A więc bez miłości ani rusz. Im większa miłość duszy, tym więcej win zostaje nam wybaczonych, zaś im więcej zostanie wybaczone, tym dusza jest bardziej wolna, lekka, czysta, zwiewna i tym bardziej zdolna do najwyższych uczuć. Im więcej w niej miłości, tym swobodniej i łatwiej wybaczać błędy, słabości i niedoskonałości innym – tym mniej pychy, która jest głównym czynnikiem nie pozwalającym nam wybaczać.

Życie samo dostarcza przykładów. Kilka lat temu z okazji 50-tej rocznicy Powstania Warszawskiego w wieczornych dziennikach telewizyjnych prawie wszystkich stacji australijskich wyświetlono dokumentalną składankę nakręconą przez którąś z amerykańskich korporacji, która w iście telegraficznym skrócie przedstawiła co to było Powstanie, o co w nim chodziło, jak się potoczyło i zakończyło oraz jakie były jego efekty. Pokazano trochę zdjęć archiwalnych, trochę współczesnej Warszawy i na tym tle – jak to jest w zwyczaju – wywiady uliczne. Podczas jednego z nich, dobrze ubrana pani w wieku między 60 a 65, mówiąca biegle po angielsku, oświadczyła między innymi: "Wybaczyć możemy, ale zapomnieć – nigdy!"
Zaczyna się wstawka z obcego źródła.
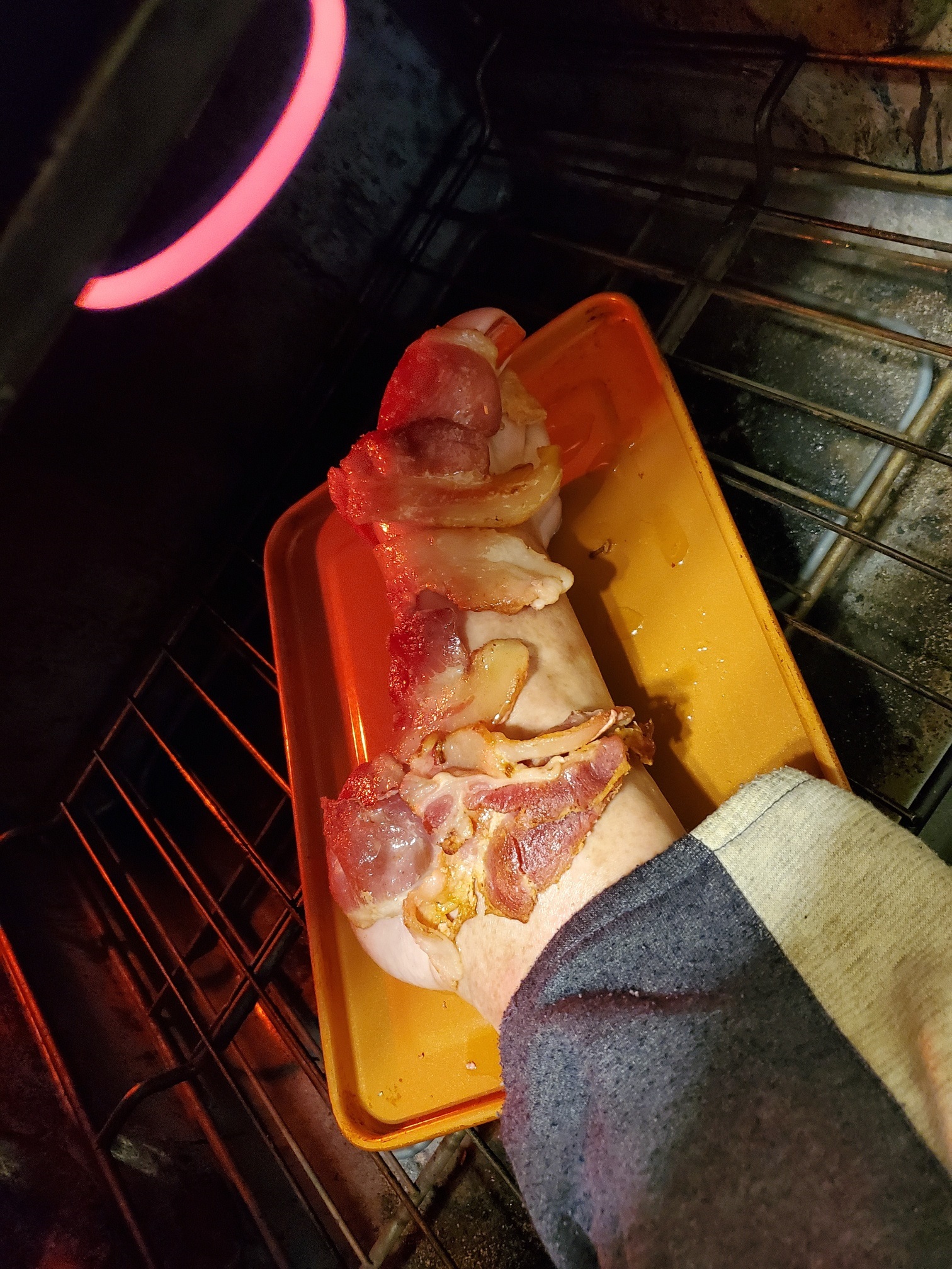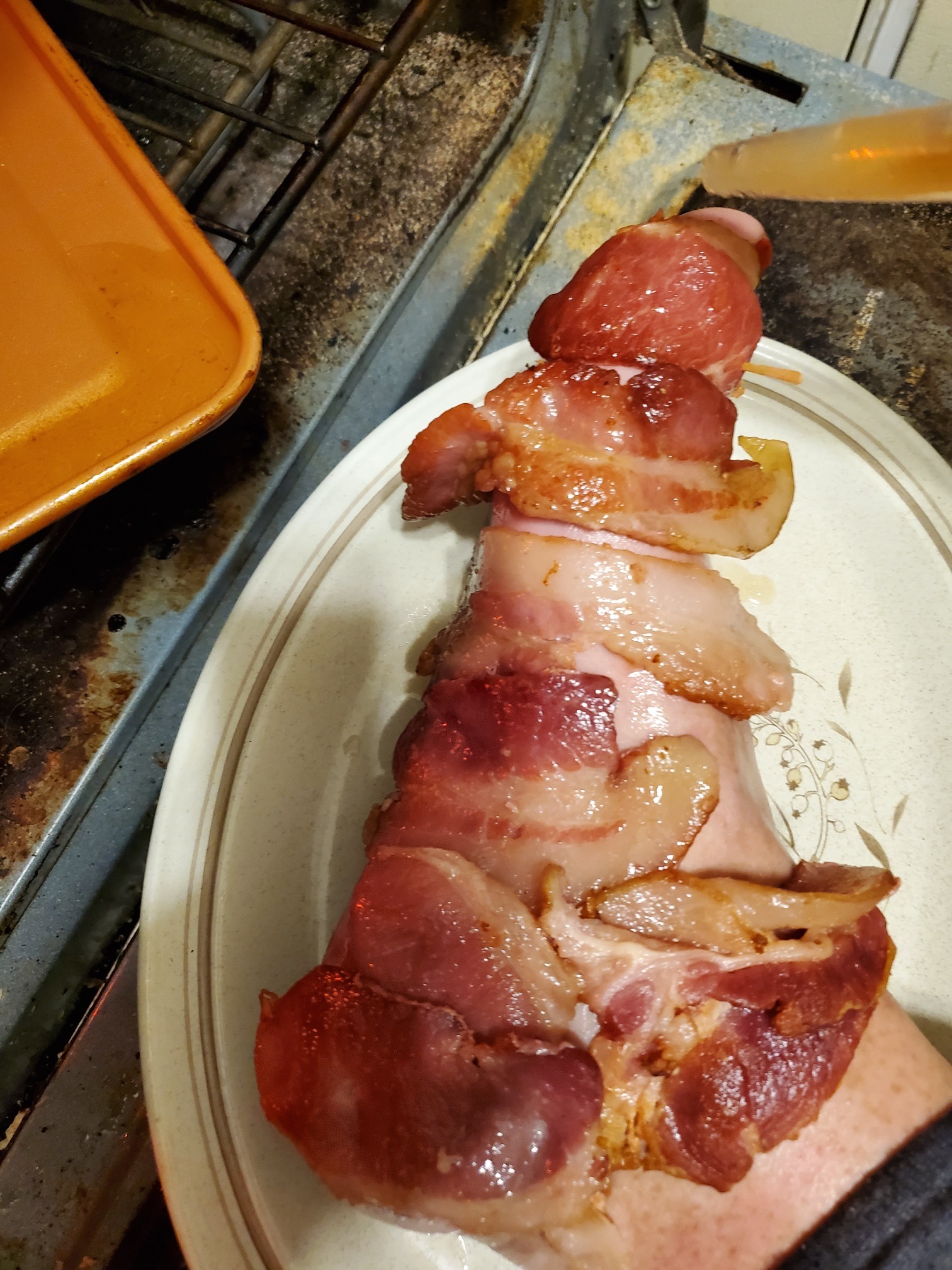 flavored fillet of pig meat wrapped in bacon. I decided to broil it, and baste it with some

Stało się to tak nagłe, że nie byłem w stanie powstrzymać się od sardonicznego śmiechu i uwagi, że moim zdaniem bez zapomnienia wybaczenie jest funta kłaków nie warte, a właściwie zupełnie niemożliwe, ponieważ prawdziwe wybaczenie, to nic innego, jak wymazanie raz na zawsze tego czegoś, co ktoś nam zrobił – zapomnienie tego raz na zawsze, uczynienie tej sprawy „niebyłą”.
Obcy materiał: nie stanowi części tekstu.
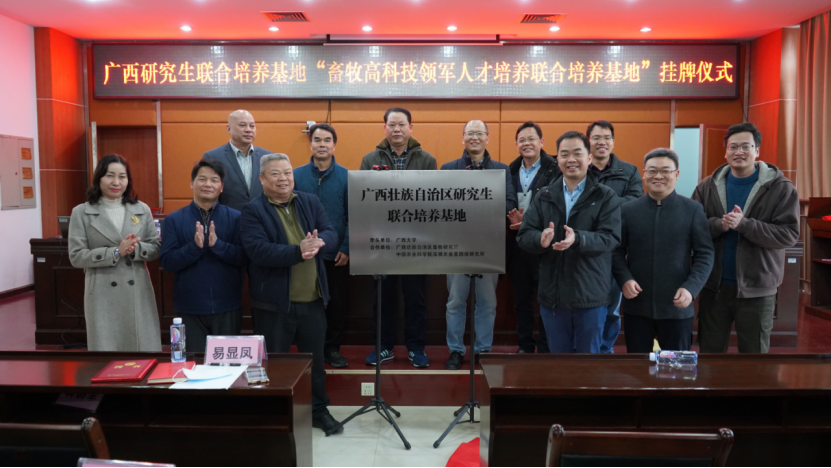 本次活动还举行了广西研究生联合培养基地“畜牧高科技领军人才培养研究生联合培养基地”挂牌仪式。该联合培养基地由beat365官方网站牵头,广西壮族自治区畜牧研究所和中国农业科公司深圳基因组研究所作为合作单位,三方共同合作建设,针对广西现有的经济特点和区位优势,做好对研究生的培养工作,为广西的畜牧业发展建设培养高科技领军人才,引领畜牧业发展。挂牌仪式后双方专家就广西畜牧业发展和人才队伍建设进行了座谈交流。陆阳清教授首先就beat365的人才培养优势和项目资源做了相关介绍,广西畜牧研究所所长吴柱月研究员也介绍了广西畜牧研究所的基本情况。双方就利用好优势资源,充分发挥畜牧高科技领军人才培养研究生联合培养基地的作用,实现共赢发展,同时为自治区经济发展贡献力量,助力国家乡村振兴。
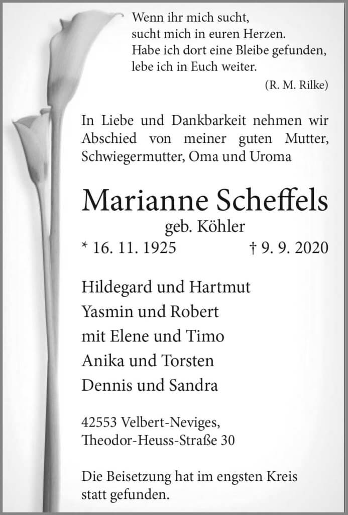 Marianne Scheffels † 9. 9. 2020

Naturalnie moje przekonania nie przypadły obecnym do gustu. My, Polacy, jesteśmy narodem niesamowicie drażliwym, o bardzo specyficznie ukształtowanym poczuciu honoru, a ostatnio zapanowała u nas moda na przepraszanie nas za to, co dawne pokolenia innych narodów zrobiły dawnym pokoleniom naszego narodu. Możemy się bowiem zdobyć na "wybaczenie" pod wpływem wspaniałomyślności, ale nie kierowani współczuciem, czy raczej współ-odczuwaniem, nie mówiąc już o poczuciu ogólnoludzkiego braterstwa. To nie pozytywne uczucia kierują nami w akcie wybaczania; to nie zdrowy rozsądek, który dąży do łagodzenia spraw międzyludzkich i problemów międzynarodowych, lecz durna pycha, która niszczy w zarodku uczucia oraz zaślepia rozum. Wybaczanie pod wpływem wspaniałomyślności nie jest wybaczaniem, ponieważ liczy się wybaczający i czyniony przez niego akt wybaczania, a nie czyn, który ma być wybaczony oraz osoba, która ten czyn popełniła. W wybaczaniu pod wpływem miłosierdzia, będącego pochodną miłości, nie liczy się i właściwie nie istnieje osoba wybaczająca, lecz jedynym ważnym elementem jest osoba, której się wybacza. W końcu przecież nie o to chodzi, aby tę osobę jeszcze bardziej upokorzyć, lecz o to, aby jej ulżyć, "podźwignąć jej potępienie", oczyścić ją poprzez wymazanie, zapomnienie przewinienia. Im cichszy jest akt wybaczania i im mniej jest w nim ego wybaczającego, tym większą wartość ma i tym jest bardziej zupełne wybaczanie. A więc wybaczanie pod wpływem wspaniałomyślności jest zwyczajną hipokryzją, ponieważ pod płaszczykiem czynienia dobra, czyniący eksponuje siebie i swoją „wspaniałość”, zaś czyn popełniony i osoba, która zawiniła, są jedynie dekoracją, sceniczną oprawą do zareklamowania swojej, fałszywej zresztą, dobroci.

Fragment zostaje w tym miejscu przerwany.